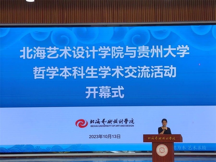 贵州大学哲学学院宋君修副教授结合北海艺术设计学院的校史和校园文化,对我校“道德为本、艺术求精”的办学理念给予肯定,指出我校的碑刻文化蕴含着丰富的哲学思想,并期待两校的交流活动精彩、成功。
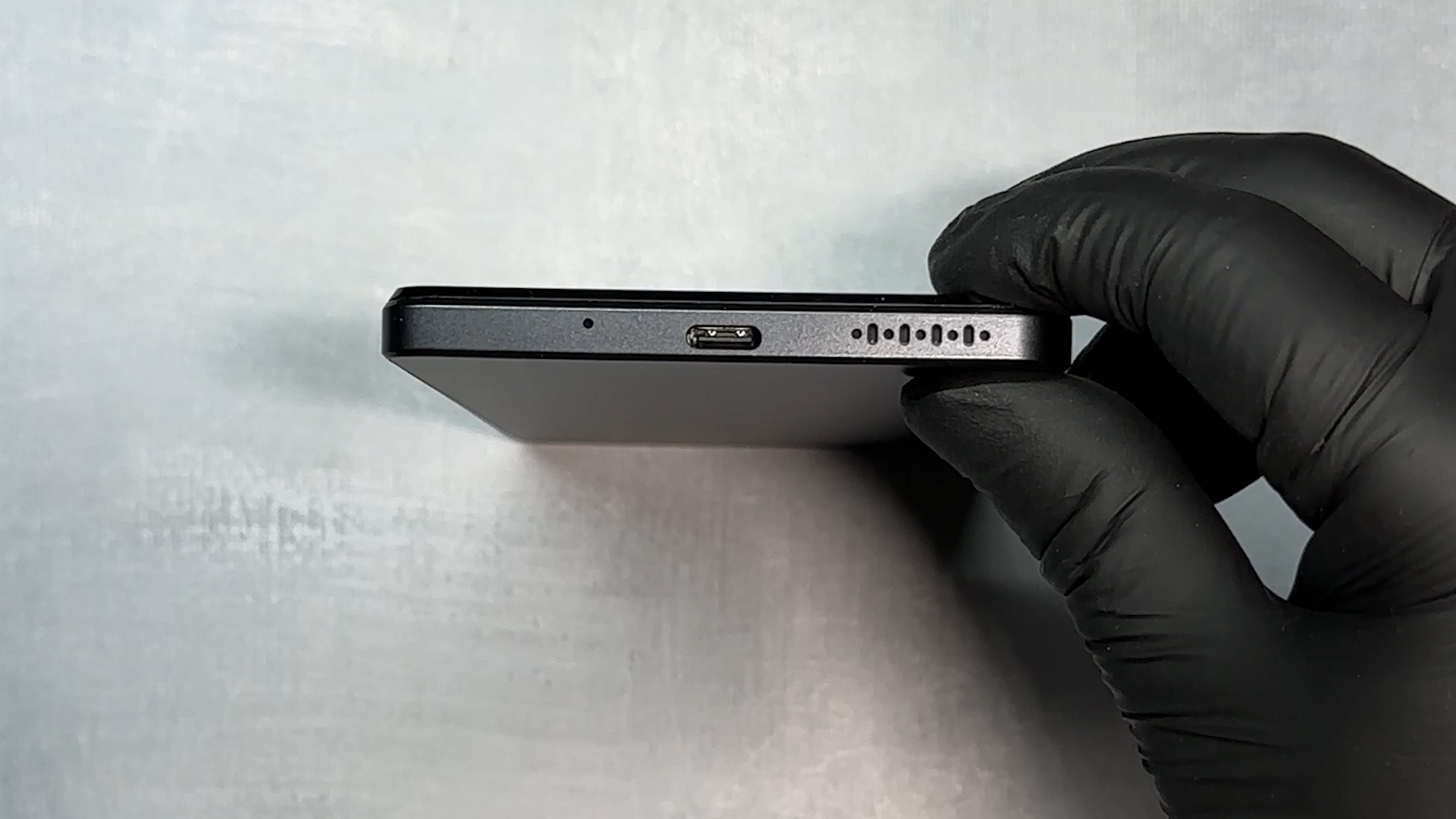 하단에는 마이크, USB-C 포트, 스피커가 있습니다.
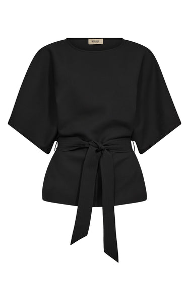 Elegant bluse fra Mos Mosh med korte ærmer, bådudskæring i halsen og et bredt bindebælte i taljen.
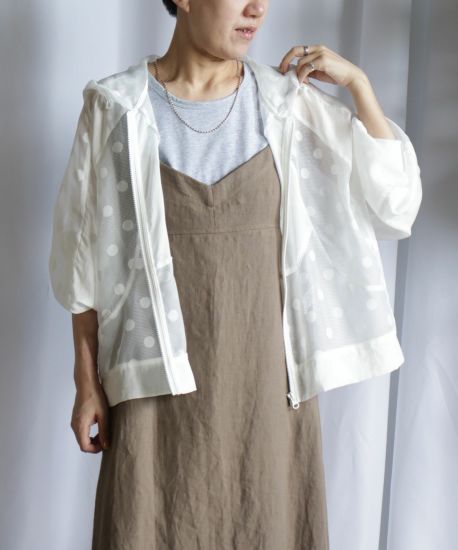 ドット柄でもモノトーンで甘くなりすぎず、シンプルに着回ししやすいライトブルゾンです
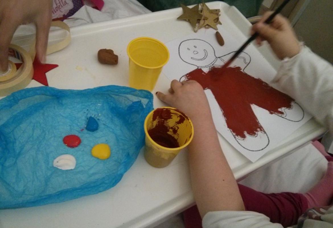 Le attività natalizie di ludoterapia nel reparto di Ematologia Pediatrica del Pol. Umberto I di Roma sono state realizzate grazie al progetto "Il Sabato del Villaggio - Fuori e Dentro le Mura" dell'Otto per Mille della Tavola Valdese, nei reparti di Neurochirurgia Infantile e Oncologia Pediatrica del Pol. Gemelli di Roma grazie a Arteliberatutti, 1caffè Onlus
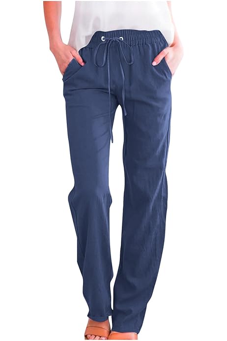 ORANDESIGNE Donna Pantaloni Cotone Estivi Pantaloni Lino A Vita Bassa Con Coulisse Pantaloni Spiaggia Morbidi Confortevoli Pantaloni Casual Larghi Colore Solido 9 10 Lunghezza D Cachi Xl 114738123

⁂

• **Problem requirements**:
Please repeat the lines of the material above exactly, starting with the line that contains "ドット柄でもモノトーンで甘く" and ending with the line that contains "Le attività natalizie". Leave the pictures out.

• **Exercise output**:
 ドット柄でもモノトーンで甘くなりすぎず、シンプルに着回ししやすいライトブルゾンです
 Le attività natalizie di ludoterapia nel reparto di Ematologia Pediatrica del Pol. Umberto I di Roma sono state realizzate grazie al progetto "Il Sabato del Villaggio - Fuori e Dentro le Mura" dell'Otto per Mille della Tavola Valdese, nei reparti di Neurochirurgia Infantile e Oncologia Pediatrica del Pol. Gemelli di Roma grazie a Arteliberatutti, 1caffè Onlus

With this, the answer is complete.